Troubleshoot child issues when using Mojo :: DOM

I am trying to extract text from the old vBulletin forum using WWW::Mechanize and Mojo::DOM .

vBulletin does not use HTML and CSS for semantic markup, and it is difficult for me to use Mojo::DOM->children to get specific elements.

These vBulletin posts are structured differently depending on their content.

Single message:

 <div id="postid_12345">The quick brown fox jumps over the lazy dog.<div> 

One message quoting another user:

 <div id="postid_12345"> <div> <table> <tr> <td> <div>Quote originally posted by Bob</div> <div>Everyone knows the sky is blue.</div> </td> </tr> </table> </div> I disagree with you, Bob.
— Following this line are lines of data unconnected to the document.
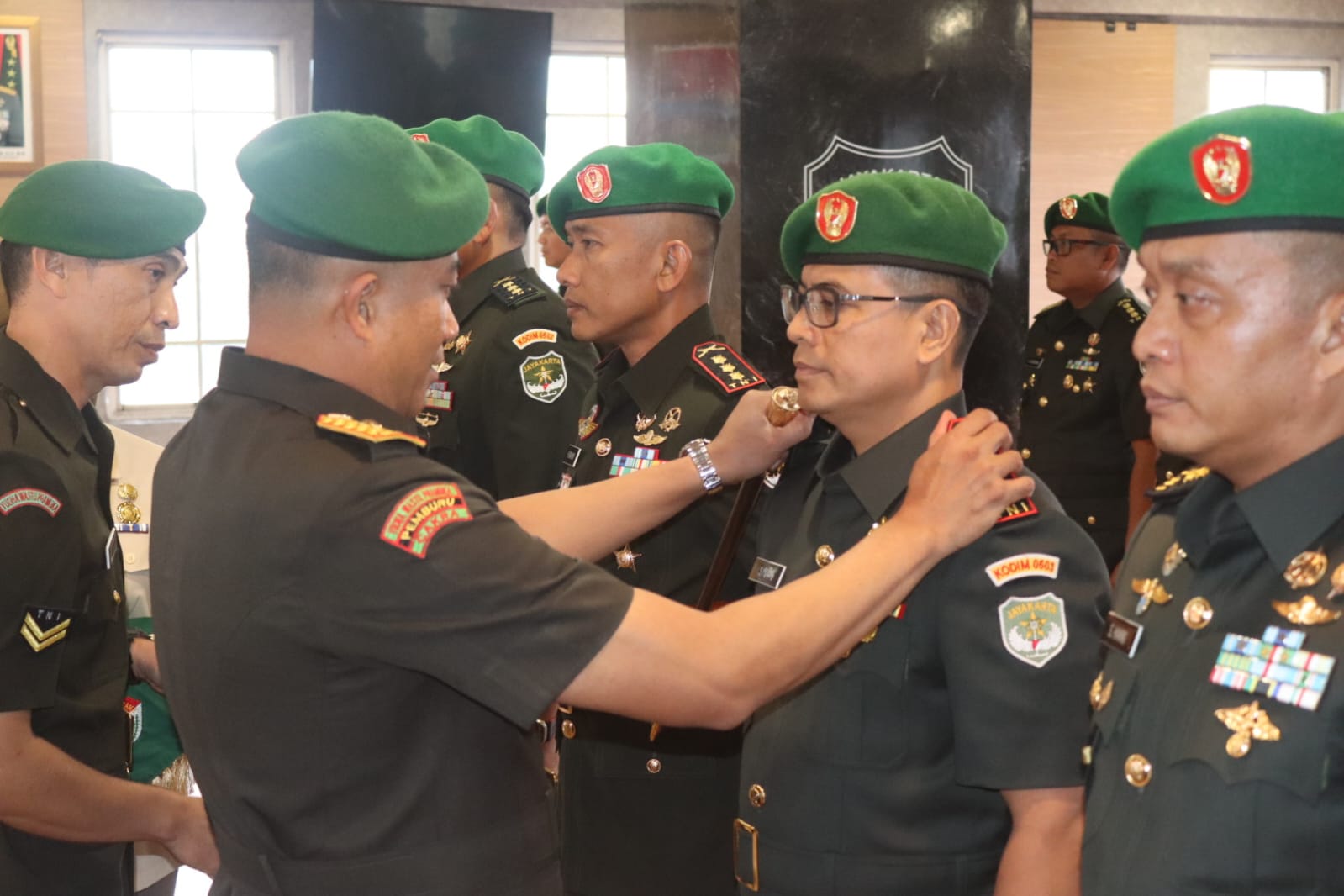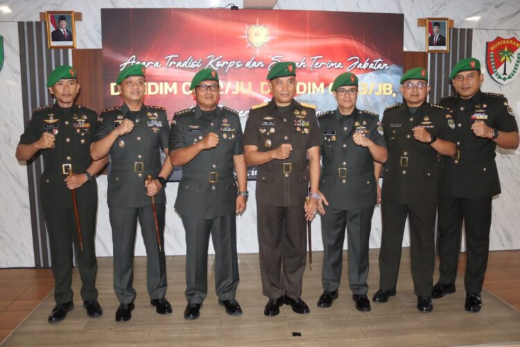 Komandan Korem 052/Wijayakrama, Brigjen TNI Faizal Rizal, S.I.P., memimpin acara serah terima jabatan (Sertijab) Dandim 0502/Jakarta Utara, Dandim 0503/Jakarta Barat dan penyerahan jabatan Kepala Seksi Personil Kasrem 052/Wijayakrama, bertempat di Makorem 052/Wijayakrama, Jalan Boulevard Diponegoro, Kecamatan Kelapa Dua, Kabupaten Tangerang, Sabtu (18/4/2026).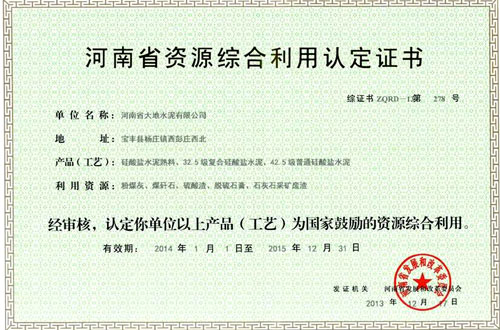 万象城(中国) >> 走进大地 >>资质荣誉 >> 河南省资源综合利用认定证书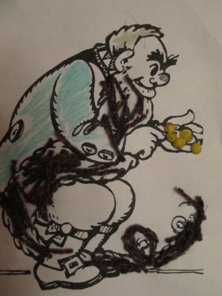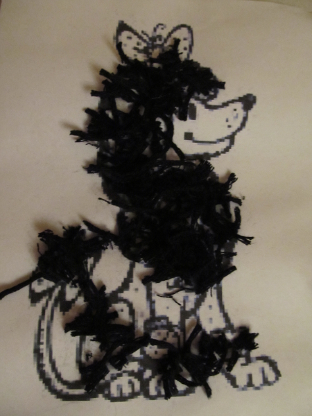 Делали аппликацию Артемон с помощью клея ПВА и черной пряжи:
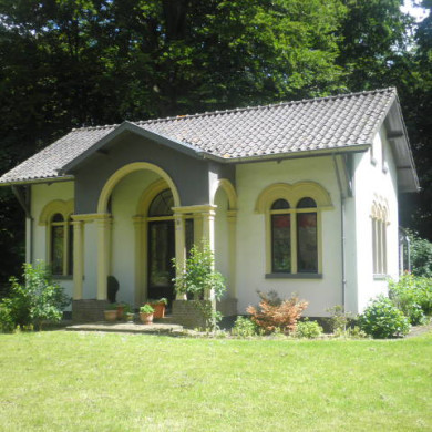DIENSTWONING, XIXb; aan het begin van de noordelijke oprijlaan, diagonaalsgewijs geplaatst; witgepleisterd gebouwtje op rechthoekige grondslag van één bouwlaag onder overstekend zadeldak met grijze pannen; voorgevel van drie traveeën, middelste met dubbele glazen deur met halfrond bovenlicht; links en rechts een gekoppeld venster, elk deel met eigen halfrond bovenlicht; portico met gekoppelde vierkante zuiltjes en flauw tympaanvormig zadeldakje voor ingangsdeur; kopse gevels met drie gekoppelde smalle vensters met elk deel een eigen halfrond bovenlicht.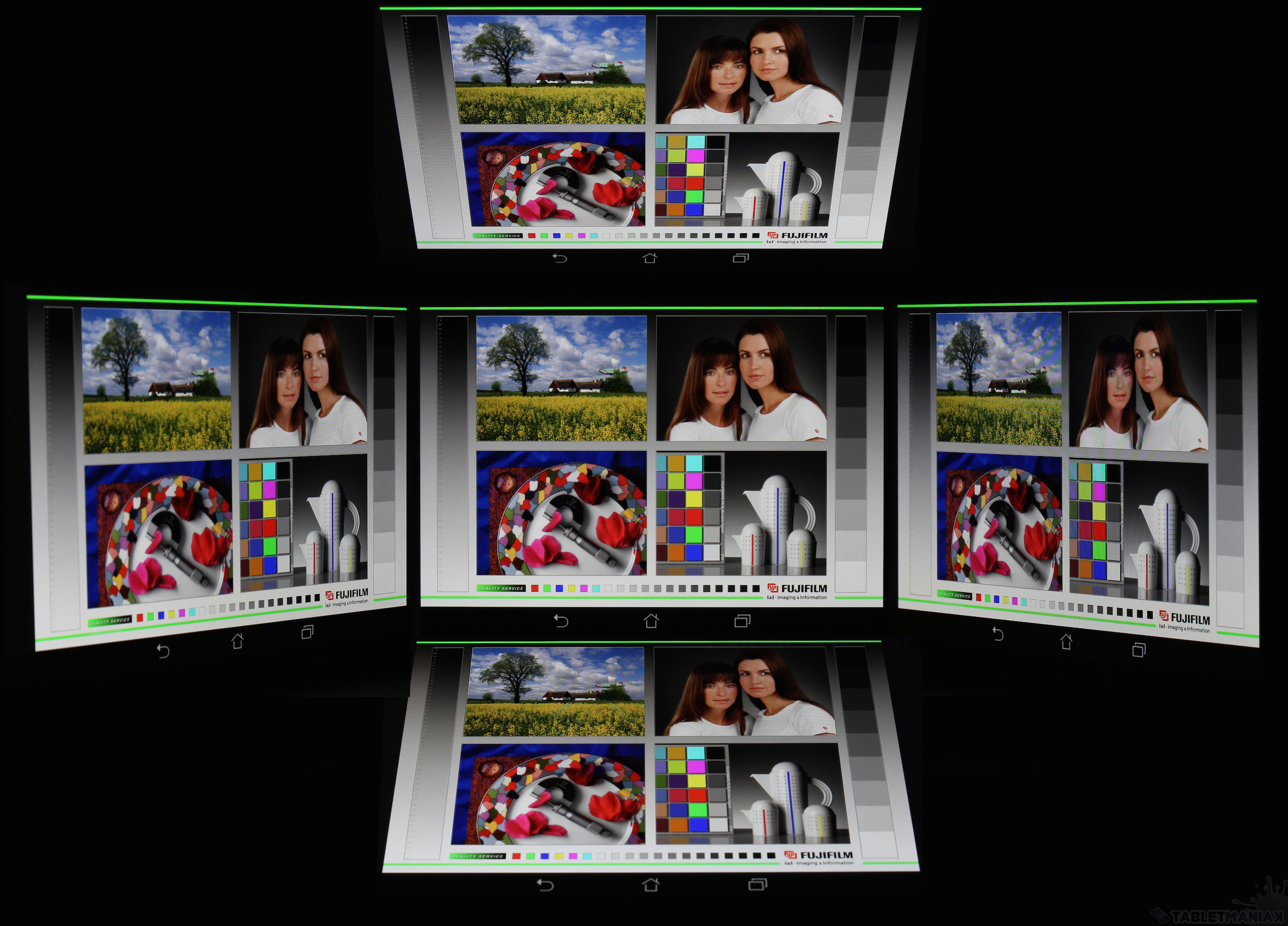 Z racji tego, że matrycę wykonano w technologii IPS, możemy się spodziewać szerokich kątów widzenia oraz dobrego odwzorowania barw, których jakość możemy poprawić programem Splendid (więcej o nim w akapicie o systemie). Niestety, powłoka ekranu szybko zbiera odciski palców, a podświetlenie bywa niewystarczająco silne, aby wygrać z promieniami słonecznymi. W pogodny dzień możemy mieć więc trudności z odczytaniem prezentowanej na wyświetlaczu treści. Nasze pomiary wskazały wartość iluminacji maksymalnej na poziomie 374 cd/m2, a minimalnej – 14 cd/m2. Ta ostatnia jest wskazówką, że z tabletu przyjemnie będzie się korzystało w ciemności. Nierównomierność podświetlenia wynosi 11%, a ekran obsługuje do 10 punktów dotyku.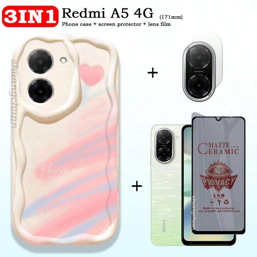Protector de pantalla 3 en 1 para Redmi A5 - Película cerámica mate, película de privacidad, película para lente de cámara; Funda de gel 2 en 1 Dopamine para Redmi A5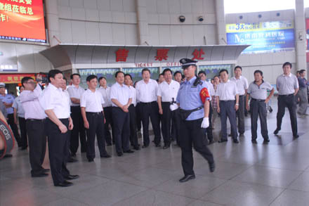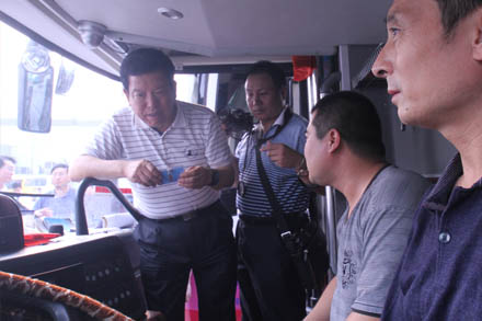 王副局長(zhǎng)先后視察了濟(jì)南長(zhǎng)途汽車(chē)總站的安檢、總服務(wù)臺(tái)、檢票、售票、熱線等崗位,與黨的十八大代表、總站金牌檢票員李文親切交談,勉勵(lì)她在平凡的服務(wù)一線崗位上將親情服務(wù)持續(xù)發(fā)揚(yáng)下去。王副局長(zhǎng)一行領(lǐng)導(dǎo)專(zhuān)門(mén)登上代臥車(chē)、臥鋪車(chē),向安全行車(chē)370萬(wàn)公里“零事故”駕駛員、省勞模賈湘鳴及宜昌臥鋪班車(chē)駕乘人員詳細(xì)詢問(wèn)了車(chē)輛改造、安全運(yùn)營(yíng)以及車(chē)載GPS的使用情況;在安全監(jiān)控中心重點(diǎn)了解了車(chē)輛3G視頻及GPS監(jiān)控管理情況。

It obviously green. </div> 

One message with spoilers:

 <div id="postid_12345"> <div class="spoiler">Yoda is Luke father!</div> </div> 

One message quoting another user with spoilers:

 <div id="postid_12345"> <div> <table> <tr> <td> <div>Quote originally posted by Fred</div> <div class="spoiler">Yoda is Luke father!</div> </td> </tr> </table> </div> <div class="spoiler">No waaaaay!</div> </div> 

Assuming the above HTML and array are filled with the necessary message identifiers:

 for (@post_ids) { $mech->get($full_url_of_specific_forum_post); my $dom = Mojo::DOM->new($mech->content); my $div_id = 'postid_' . $_; say $dom->at($div_id)->children('div')->first; say $dom->at($div_id)->text; } 

Using $dom->at($div_id)->all_text gives me everything in a continuous line, which makes it difficult to determine what is quoted and what the original is in the message.

Using $dom->at($div_id)->text skips all children, so the quoted text and spoilers are not matched.

I tried the options $dom->at($div_id)->children('div')->first , but that gives me everything, including HTML.

Ideally, I would like to get all the text in each message, with each child in its own line, for example

  POSTID12345: + Quote originally posted by Bob + Everyone knows the sky is blue. I disagree with you, Bob. It obviously green. 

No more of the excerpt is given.